Sunday, September 14, 2008

"Howard Dean rallies Obama supporters in Renton"

Seattle Times:
Democratic National Committee Chairman Howard Dean told Barack Obama supporters Saturday that Washington needs a huge Obama victory to "carry" into office Democrats whose wins are less certain.
Specifically, he mentioned Gov. Christine Gregoire, who is in a tight race with Republican challenger Dino Rossi, and Democrat Darcy Burner, who is challenging U.S. Rep. Dave Reichert in the 8th Congressional District.

Dean, a 2004 presidential candidate and former governor of Vermont, gave an impassioned speech to a crowd of Democrats packed into the Renton Carpenters Hall. The crowd cheered madly as Dean told them the McCain campaign appeals to the "worst in human beings" while Obama appeals to the best.

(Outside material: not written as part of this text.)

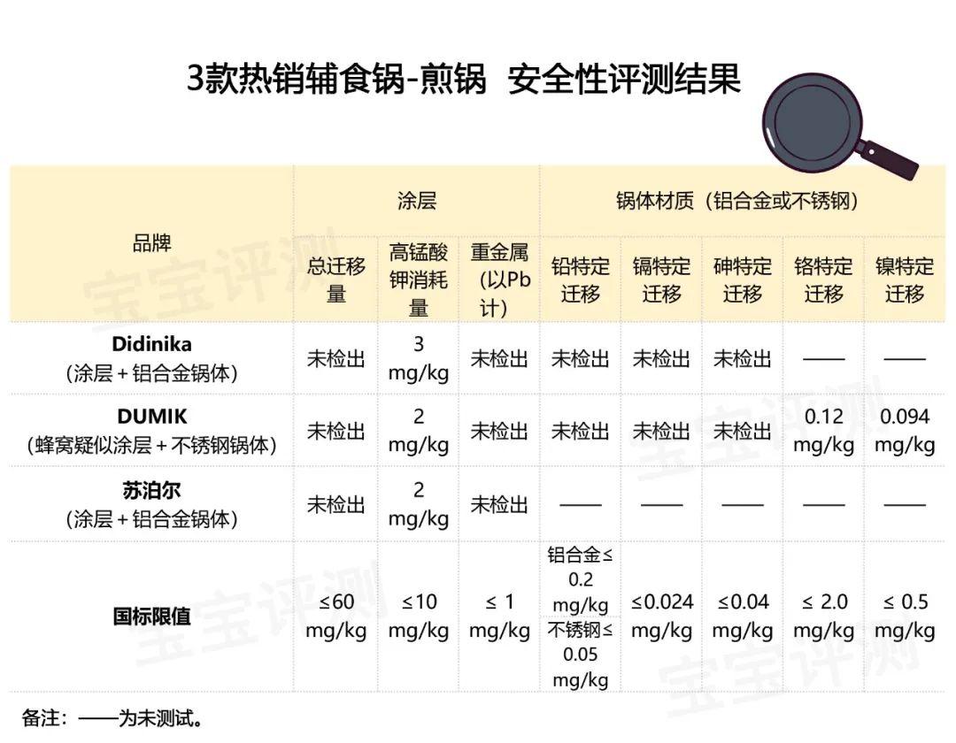 3款煎鍋均未檢出總遷移量和重金屬鉛,但均測試出高錳酸鉀消耗量。其中,Didinika的為3mg/kg,略高于DUMIK和蘇泊爾的2 mg/kg,不過,都小于國標要求的10mg/kg,沒有健康風險。

An Obama win is almost assured in Washington state, according to polls. But Democrats hope an Obama landslide could sweep into office Democrats farther down the ballot.

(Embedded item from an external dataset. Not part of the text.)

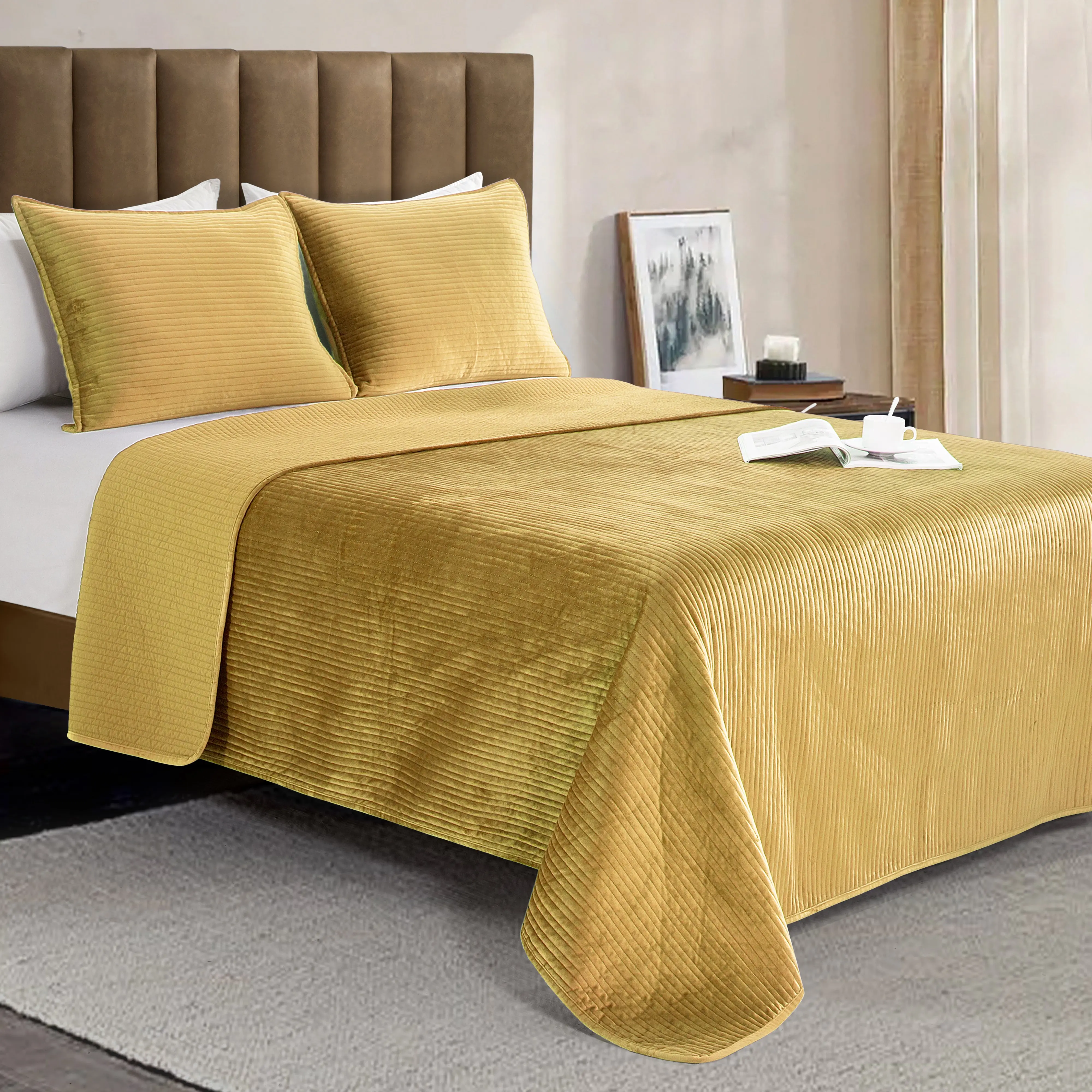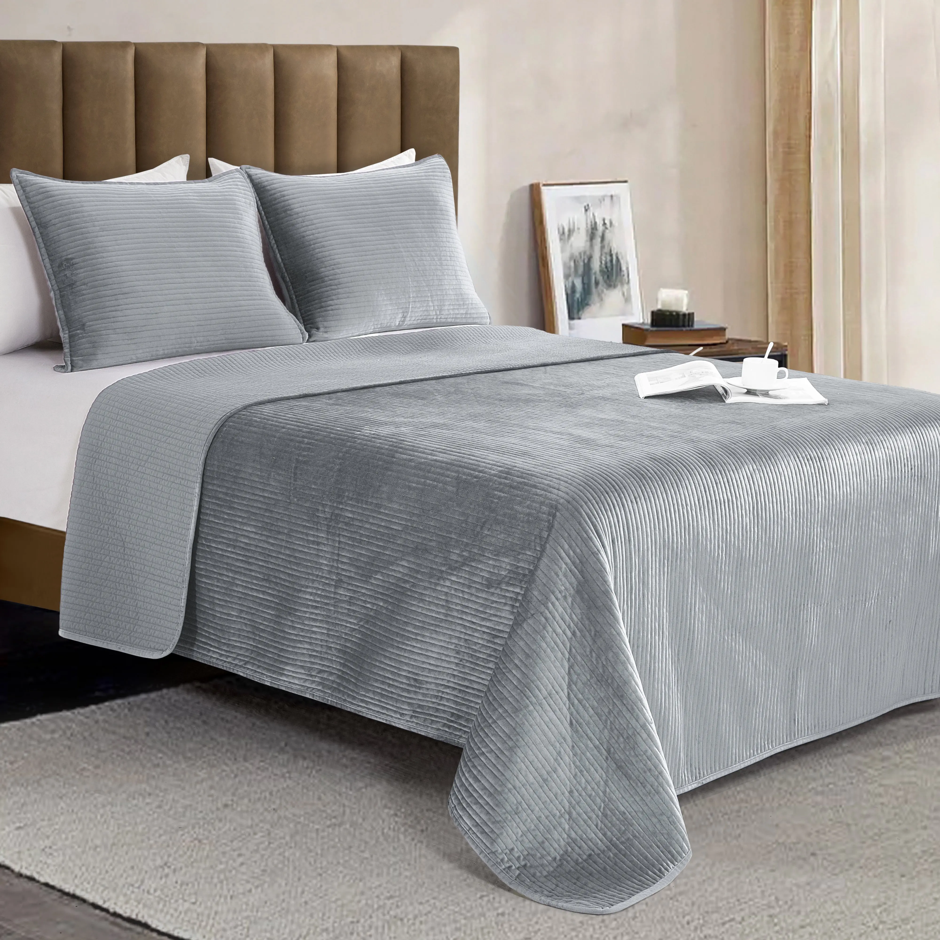 Elegant Comfort 3-Piece Velvet Corduroy Stripe Quilted Bedspread Coverlet Set

Washington State Republican Party Chairman Luke Esser said Dean's visit just shows that Democrats are getting nervous.

"I'm not surprised the Democrats are growing more and more concerned about the state of Washington," he said. "I'm not surprised at all that they are realizing that their previous assumption that this would be a state that would be an automatic win for Barack Obama and that he would carry on his coattails other candidates down the ballot was misplaced."

U.S. Rep. Jay Inslee, D-Bainbridge Island, marveled at the huge crowd Saturday — at least 400 people packed wall to wall and spilling out the doors — and said the national party couldn't ignore the "energy" Obama had ignited.

But he said a high-profile speaker like Dean could help motivate volunteers to campaign for other Democratic candidates, too.

"I think it shows that Barack Obama cares about Washington in a lot of ways," he said.

A vendor hawked Obama T-shirts and ball caps on the union-hall lawn as supporters waited in line to get in. Inside, organizers coached attendees about how to canvass their legislative districts.

Jonathan Taylor, 40, a postal manager who lives in Renton, said he hasn't volunteered for a campaign since college, when he worked on Bill Clinton's first presidential bid. But he has been spending about eight hours a week campaigning for Obama.

"I'm inspired by this campaign," he said. "Putting people first instead of country first is really the way to go."

In his speech, Dean appealed to a blue-collar crowd, a demographic underscored by striking Machinists at Boeing signing in for picket-line duty in the hall's parking lot. He criticized U.S. Sen. John McCain's role in making concessions to a European company competing with Boeing to build Air Force refueling tankers. He drew a huge cheer when he said, "John McCain is a job-killer in Washington state."

And he said Obama would cut taxes for middle-class Americans, asking, "Anybody here make more than $250,000 a year?" No one raised a hand, so he said: "then Barack Obama wants to cut your taxes."